Lance was speaking to employees in a town hall meeting a day after he sent employees a video announcing the job cuts as part of a broad restructure focused on cost reductions.
Employees watching the hour-long meeting online and in person at the company’s Houston headquarters on Thursday morning also learned later that day that layoffs would begin as early as November 10.
Lance said he had prioritized recent acquisitions over controlling costs.
“The cost and the whole competitiveness of the company probably took a backseat to those initiatives and those things we were doing for very real reasons, important reasons for the company,” Lance said in a recording of the town hall heard by Reuters.
“I fault myself for not paying attention and keeping the other things sort of centered and important,” added Lance, who has been in the top job for 13 years.
“I have to pay more attention to it,” Lance said, referring to the sustainable structure and health of the company.
Conoco bought smaller peer Marathon Oil last year for $22.5 billion. In 2021, it bought Concho Resources for $9.7 billion, and also acquired Permian assets from oil major Shell for $9.5 billion. The energy industry has gone through the largest consolidation in a generation in the past two years.
“We probably backslid a little bit in the cost effort… maybe we should have been smarter about how we did it,” Lance told employees in the town hall.
Though many expected job cuts after the company flagged the need to cut costs, the scope of the reduction surprised the industry, said Ed Hirs, an energy fellow at the University of Houston.
“It is like Lance took his hands off the steering wheel,” said a Conoco source, who attended Thursday’s town hall meeting.
The source, who declined to be named because they were not authorized to speak on the record, said that while they appreciated the honesty from Lance, they also felt he avoided answering certain questions.
“Lance was just dancing around the questions and not answering directly.
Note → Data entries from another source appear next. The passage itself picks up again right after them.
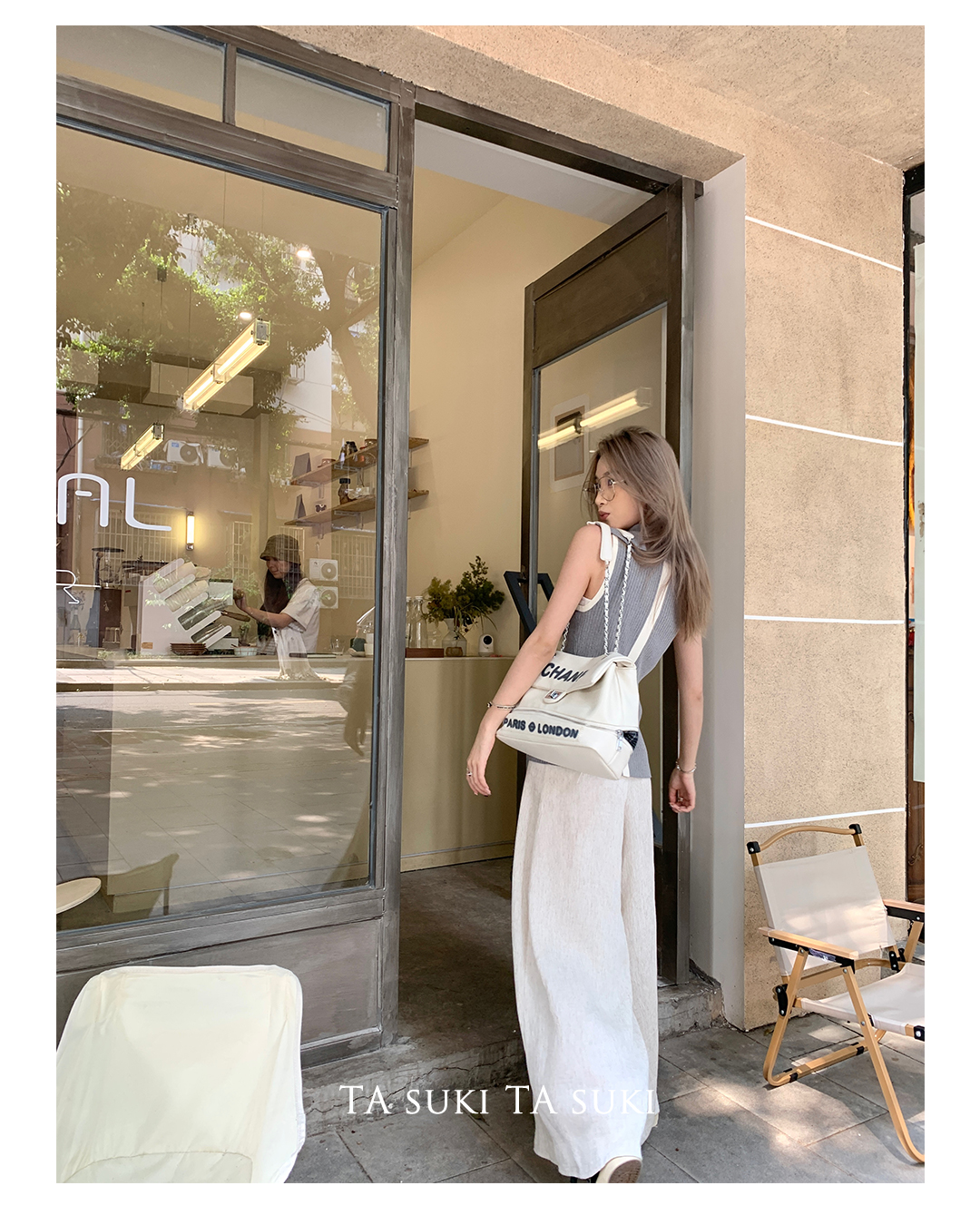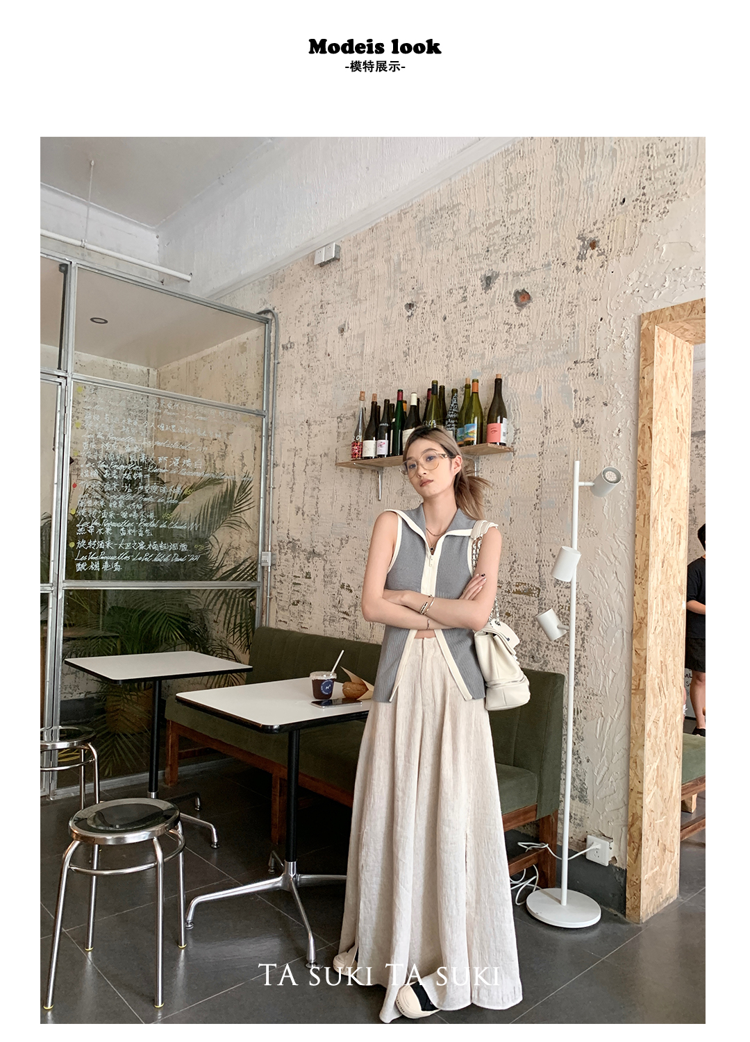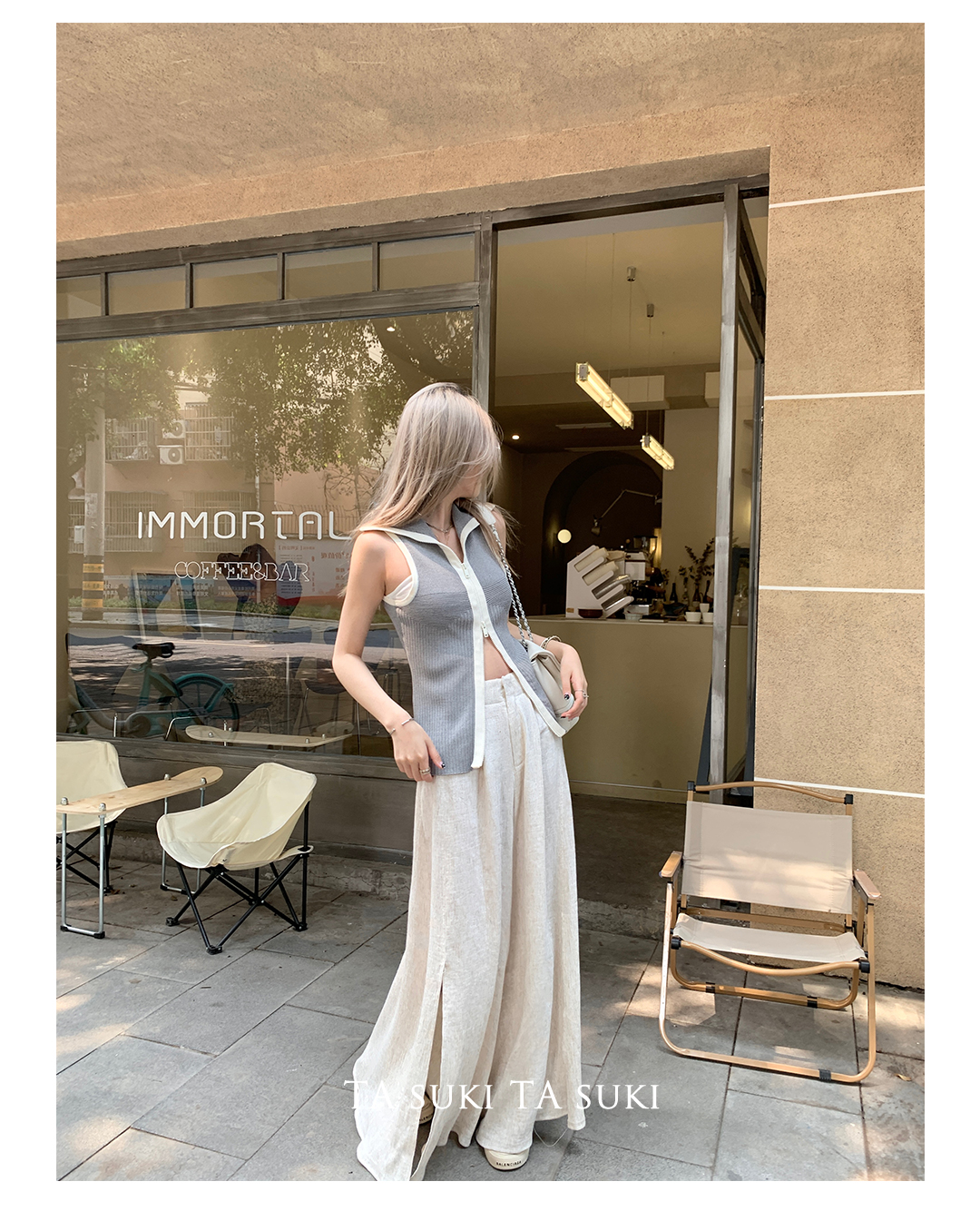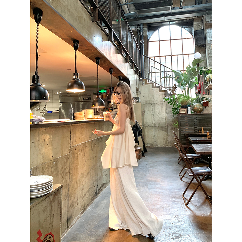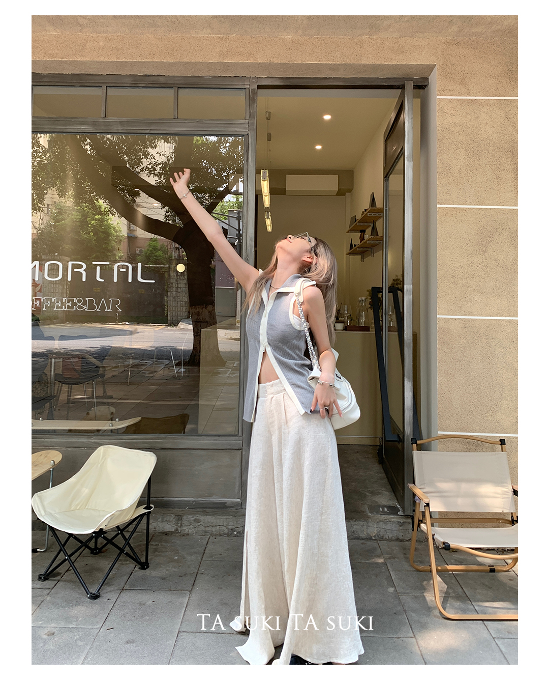 TA suki 夏季杏色 亞麻感闊腿褲高腰顯瘦休閒慵懶風設計感拖地褲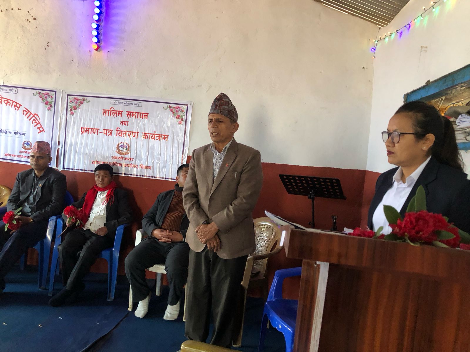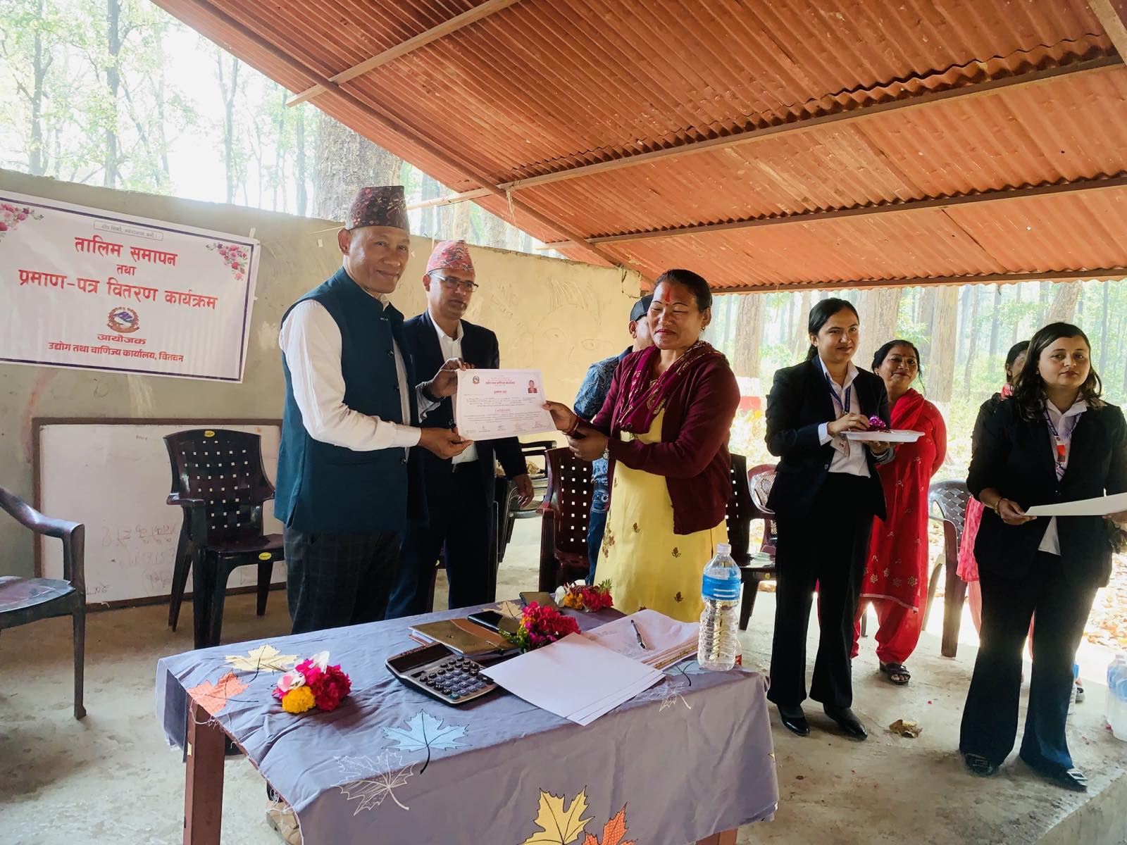 इच्छाकामना गाउँपालिकामा मिति २०८१ फागुन ८ देखि १७ गतेसम्म उद्यमशीलता विकास तालिम र १८ गतेदेखि २४ गतेसम्म मौसमी सागबाट गुन्द्रुक र स्थानीय उपजबाट अचार बनाउने तालिम सफलतापूर्वक सम्पन्न भई समापन तथा प्रमाणपत्र वितरण गरिएको छ।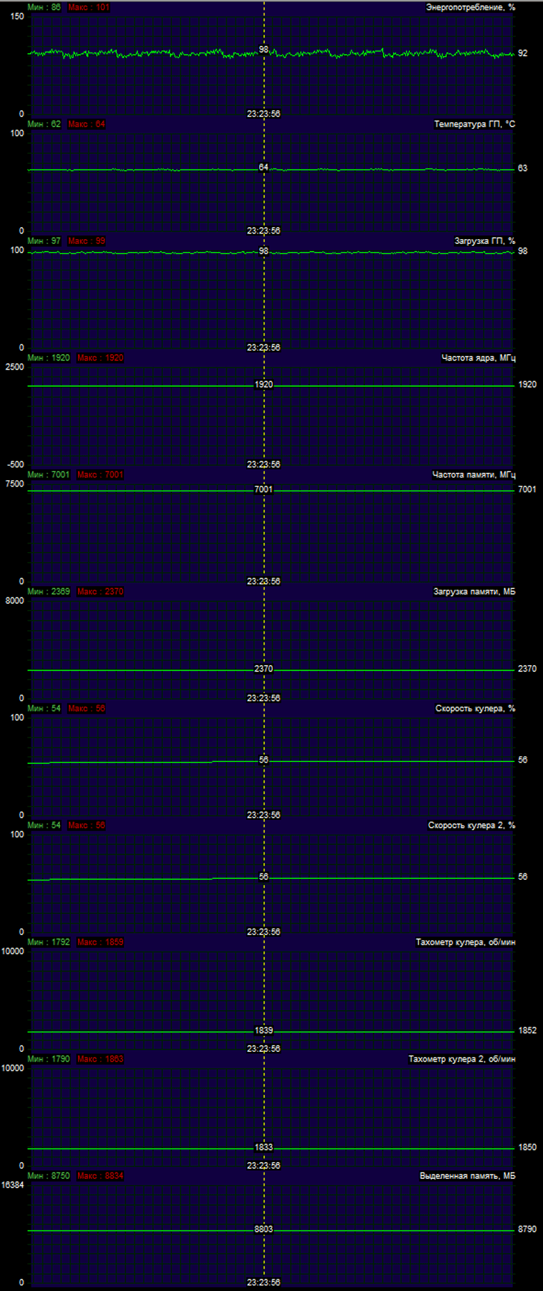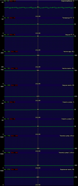 После 6-часового прогона под нагрузкой максимальная температура ядра не превысила 64 градусов, что является просто прекрасным результатом для видеокарты высокого уровня.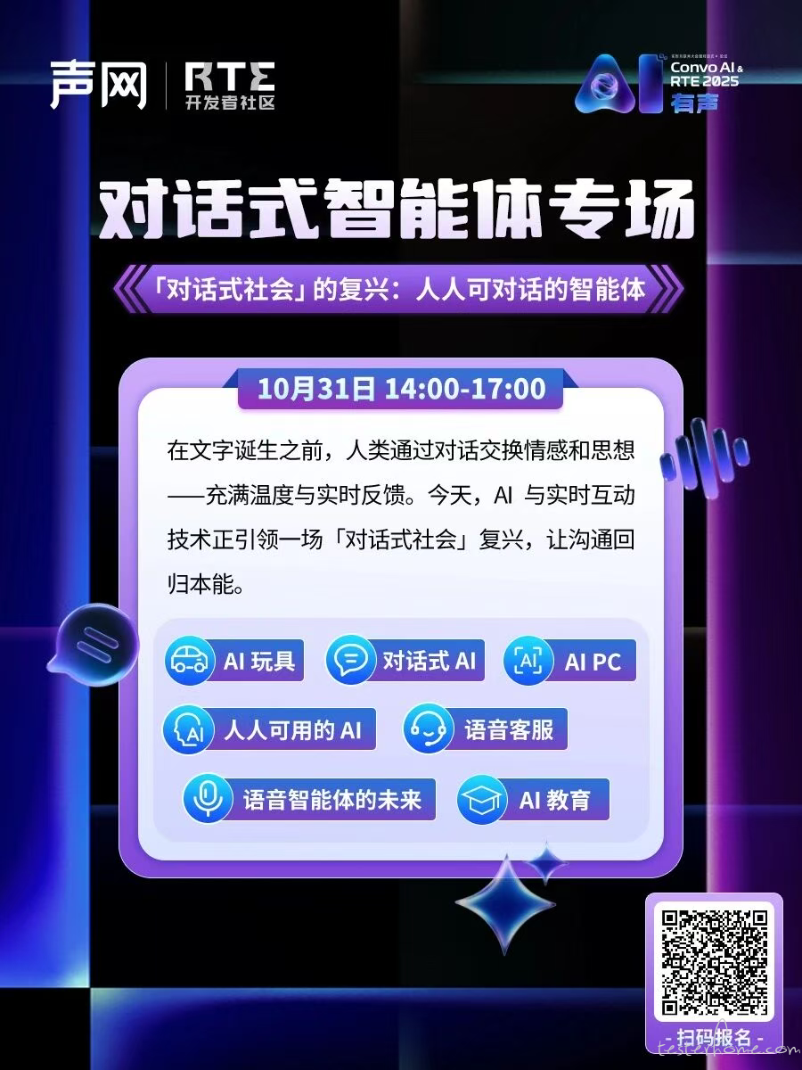 来 Convo AI & RTE2025 技术专场论坛,头部玩家与行业技术领袖将为你一一揭晓答案!本次技术专场论坛覆盖 7 大技术领域,汇聚 40+ 顶尖技术专家与学者,共同探讨对话式 AI 与实时互动的前沿技术、落地场景与未来演进。\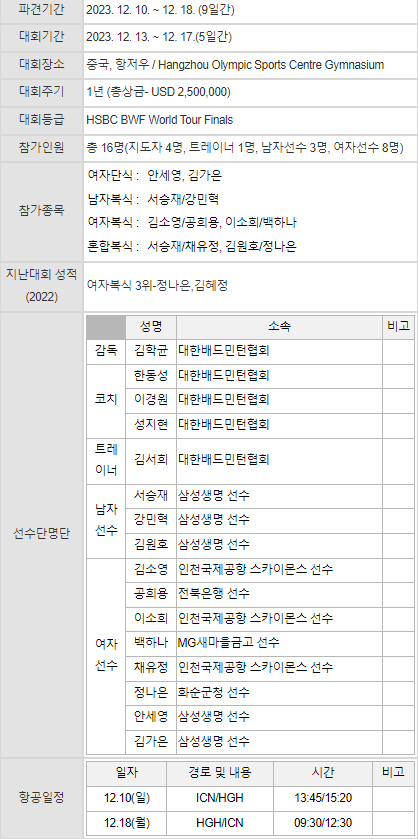 'HSBC 세계배드민턴연맹(BWF) 월드 투어 파이널스 2023'은 다음 달 13일부터 17일까지 중국 항저우에서 개최가 되고 있습니다 대회의 총상금은 250만 달러로, 이는 한화로 환산하면 32억2500만원에 해당합니다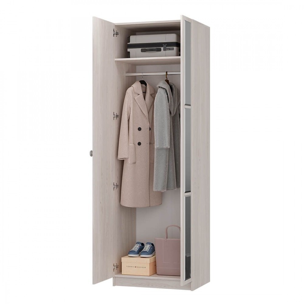 Шкаф "Зарина" имеет две распашные створки: на одной наклеены 3 зеркала с фацетом, вторая створка глухая.
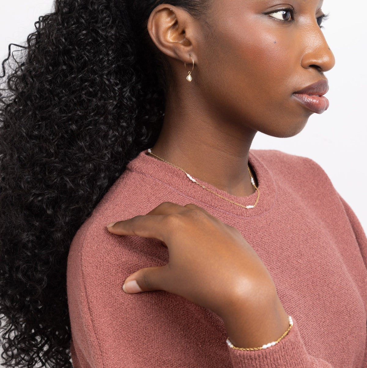 These mini-hoop earrings showcase a freshwater rice pearl charm encircled in gold. These make a stunning statement on their own or as part of your ear stack.
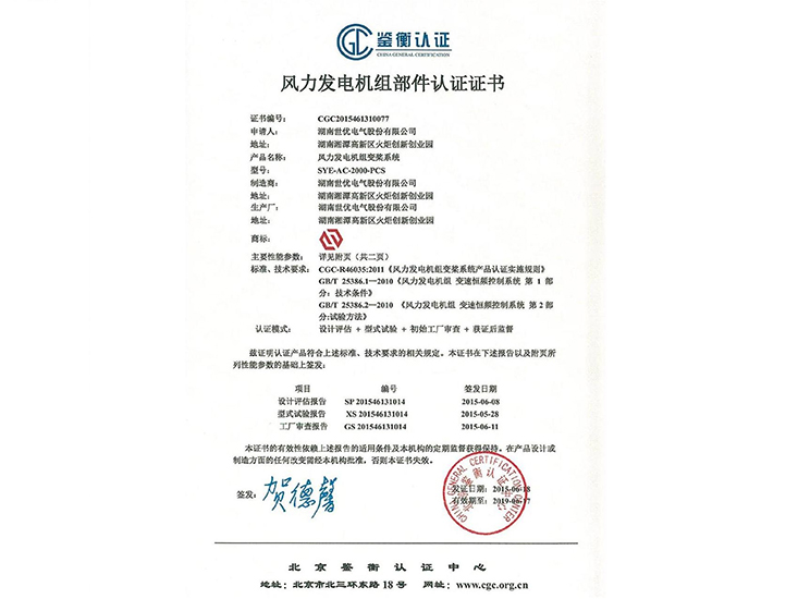 • 風(fēng)力發(fā)電機(jī)組變槳系統(tǒng)鑒衡認(rèn)證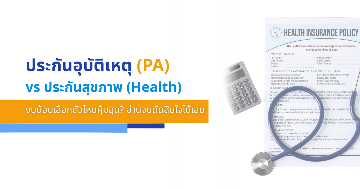 | หัวข้อเปรียบเทียบ | ประกันอุบัติเหตุ (PA) | ประกันสุขภาพ (Health) |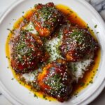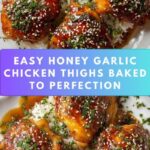 This Honey Garlic Chicken Thighs recipe features tender, juicy bone-in, skin-on chicken thighs baked in a flavorful marinade of honey, soy sauce, garlic, and a touch of apple cider vinegar. The combination of sweet and savory flavors is enhanced by sesame oil and seeds, creating a deliciously sticky glaze perfect for an easy weeknight dinner.

Things did not feel any more transparent or clear after the town hall,” the source added.
An employee asked how people would be laid off fairly and with dignity during Thursday’s town hall. The atmosphere was one of disappointment and frustration, the source said.
“There is a lot of weight in this decision, and it is what we need to do for the company’s long-term growth and success. Our executive leadership team and I take this seriously, and I don’t underestimate the impact that it has on people, on families and on the workforce that we have within our company,” Lance said on Friday in a statement to Reuters.
While management changes are expected to be announced mid-September, there will be no changes or cuts to the executive leadership team, a source familiar with the matter said, adding that the company’s executive leadership team shrank by two to seven this year due to retirements.
TOUGH JOB MARKET
The job cuts at Conoco are the latest hit to a major oil and gas company, an industry facing rising costs and lower prices as OPEC+ brings more production online in a bid to regain market share.
Workforce reductions undermine U.S. President Donald Trump’s promise to increase U.S. oil and gas production and its clout in global markets.
Conoco’s controllable costs have risen by about $2 per barrel from 2021 to 2024, to $13, making it harder for the company to compete, Lance said in Wednesday’s video message.
“That has been our problem. Unit cost is rising faster than our production and our revenue, which is eating into our margin, and obviously you can’t let that go on forever,” Lance said during Thursday’s town hall.
Conoco has targeted about $1 billion in cost savings related to its acquisition of Marathon Oil last year, and the company has also said it wants to save another $1 billion by the end of 2026 from layoffs and other cost-cutting measures targeting lease operations, transportation and processing.
In April, two sources told Reuters that Conoco had hired management consulting firm Boston Consulting Group to advise on the restructuring and layoff program, referred to internally as “Competitive Edge.”
“Everybody just scrambled and started looking for something else after that, because we were unsure what the outcome would be and who would get let go because there are a lot of positions within the facilities that do not need to be there,” said a second source, who left ConocoPhillips last month.